Инопланетянин протянул одну свою зеленую конечность Сульбазгхи, возвращая ему клубок, помещенный в небольшой прозрачный цилиндр. Доктор посмотрел на Вепперса, тот кивнул. Сульбазгхи вывалил сверкающую сине-серую вещь на его ладонь.
— Мой дорогой Ксингре, — сказал, снисходительно улыбаясь, несколько мгновений спустя Вепперс. — Я думаю, что понял все слова, здесь вами сказанные, но только по отдельности. Все вместе они для меня не имеют смысла. Что вы имеете в виду? — Он посмотрел на Джаскена, который вовсю морщил лоб.
— Я вам сказал, — ответил инопланетянин, — что это, вероятно, остатки внутримембранной полноспектральной внутричерепной герминаторной процессорной матрицы события/состояния, наделенной…
— Да-да, — прервал его Вепперс. — Я уже сказал, что понял отдельные слова.
— Позвольте я переведу, — сказал Сульбазгхи. — Это невральное кружево Культуры.
— Теперь вы уверены? — спросил Джаскен, переводя взгляд с доктора на инопланетянина.
— Безусловно производство восьмиуровневиков (игроков), — сказал Ксингре.
— Но кто ей установил эту штуку? — спросил Вепперс. — Уж определенно не врачи.
Сульбазгхи покачал головой.
— Определенно нет.
— Тогда кто? Что? Кто мог бы сделать это?
— Никто из тех, кого мы знаем, — сказал Сульбазгхи.
— Производство восьмиуровневика (игрока), так называемой «Культура» с вероятностью сто сорок три из ста сорока четырех.
— Иными словами, почти стопроцентно, — сказал доктор. — Я это подозревал с самого начала. Культура.
— Только с вероятностью сто сорок три из ста сорока четырех, — снова повторил Ксингре. — Кроме того, имплантация устройства могла иметь место в любое время после события рождения до приблизительно двух местных лет назад, но не позже. Вероятно. Кроме того, это только остатки. Самые тонкие волоски скорее всего сгорели в топке.

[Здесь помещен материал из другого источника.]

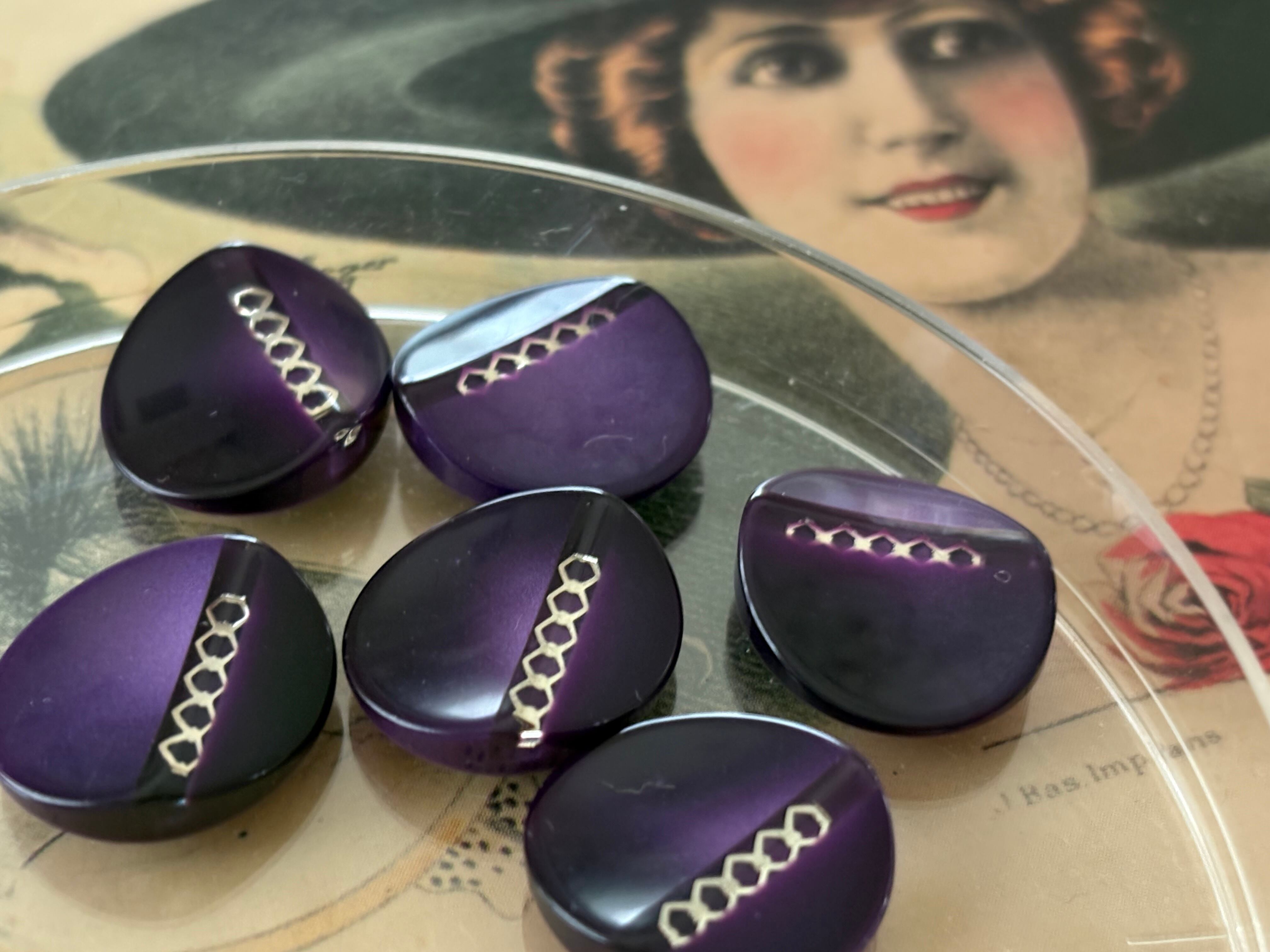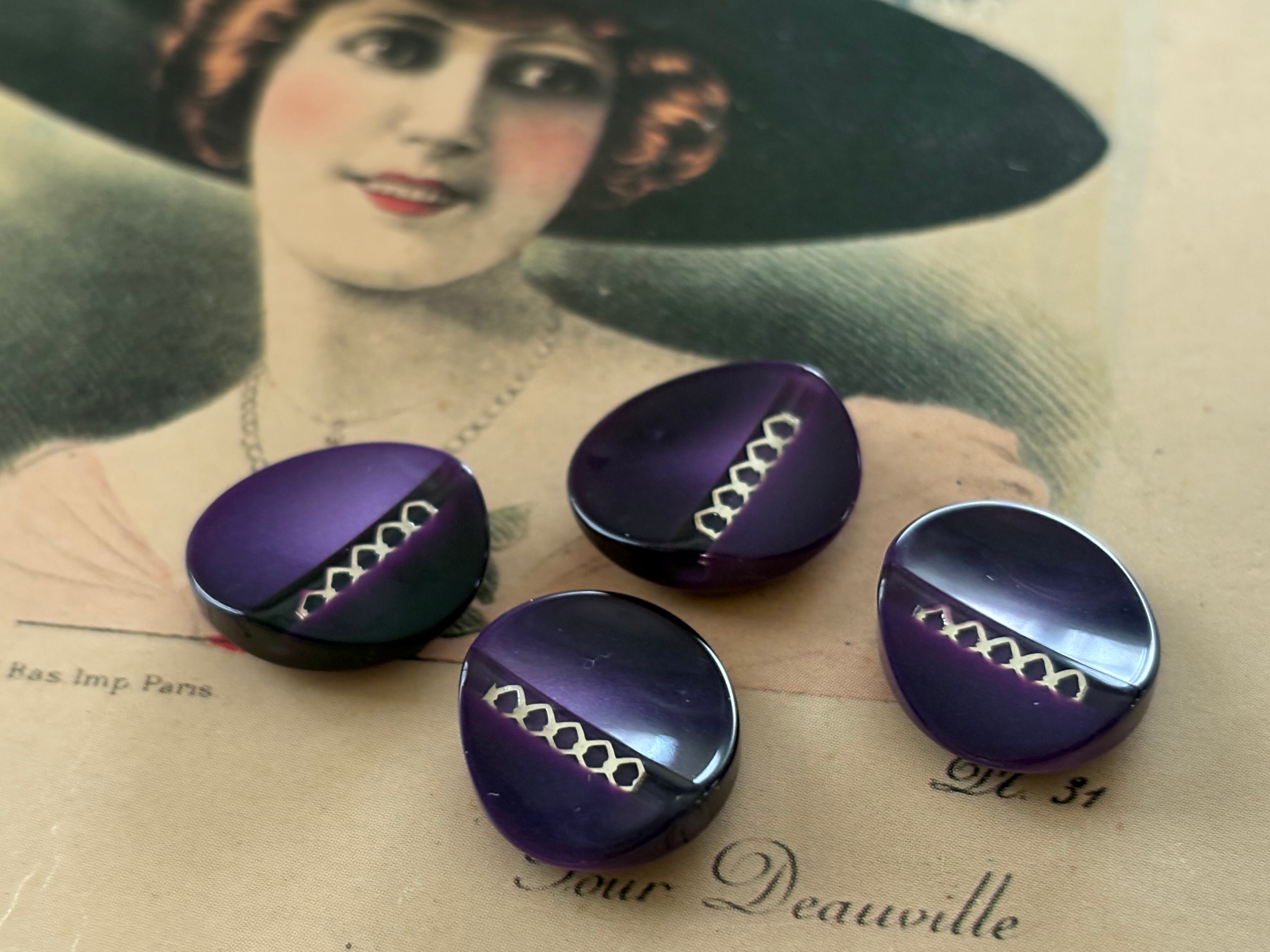 Japanese Vintageボタン レトロボタン 14mm×17mm パープル×シルバー オーバル型 アクセサリーパーツ デコレーション材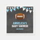 Schöne moderne FOOTBALL Babydusche Einwegservietten aus Imitat mit Chalkboard-Hintergrund und Bunt-Fahnen in Weiß und Blau. Fußball in der Mitte - perfekt für diese sportliche Themenparty. Personalisieren Sie sie, indem Sie den Namen und das Optionsdatum Ihrer Mutter hinzufügen. Siehe Sammlung

— Но эта штука, — сказал Сульбазгхи, — обладает одноразовой передающей способностью.
Ксингре подпрыгнул на своей серебристой подушечке, что было джхлупианским эквивалентом кивка.
— Сингулярная конденсат-коллапсная передающая способность без ограничения расстояния, — сказал он. — Использованная.
— Передающая? — переспросил Вепперс. Он не был уверен, то ли у него голова плохо работает, то ли какая-то его глубинная часть никак не хочет знать правду. Им уже овладевало то чувство, которое охватывало его в преддверии самых плохих новостей. — Оно не передало ее?.. — он услышал, как его собственный голос замер, когда он посмотрел на маленькую, почти невесомую вещицу у него на ладони.
— Мыслеразум, — сказал Джаскен. — Видимо, эта штука передала ее мыслеразум, ее душу куда-то в другое место. Куда-то в Культуру.
— Норма отказов названного процесса составляет более четырех из ста сорока четырех, — сказал Ксингре.
— И это и в самом деле возможно? — спросил Вепперс, измеряя взглядом по очереди всех троих. — Я имею в виду полное, абсолютное… перемещение сознания того или иного лица? Это разве не удобный миф или инопланетная пропаганда?
Джаскен и Сульбазгхи посмотрели на инопланетянина, который несколько секунд парил в воздухе, а потом, устремив неожиданно в сторону каждого по глазу, словно понял, что именно от него они и ждут ответа.
— Да, — пробормотал он. — Абсолютно возможно. Полное подтверждение.
— И они могут их потом возвращать к жизни? — спросил Вепперс.
На этот раз Ксингре прореагировал быстрее. Когда через мгновение никто не ответил, он сказал:
— Да. Тоже в высокой степени вероятно, наличие соответствующих и совместимых процессов и физического субстрата предполагается.
Вепперс помолчал несколько секунд.
— Понятно, — сказал он, потом бросил невральное кружево на стеклянную столешницу ближайшего стола с высоты около полуметра, чтобы услышать, какой звук оно произведет.
Впечатление было такое, что падает оно слишком медленно — удар об стол был беззвучным.
— Вепперс, тебе не повезло, — сказал ему Сапултрайд, когда Вепперс вернулся к морскому сражению. — Оба твои корабля потоплены!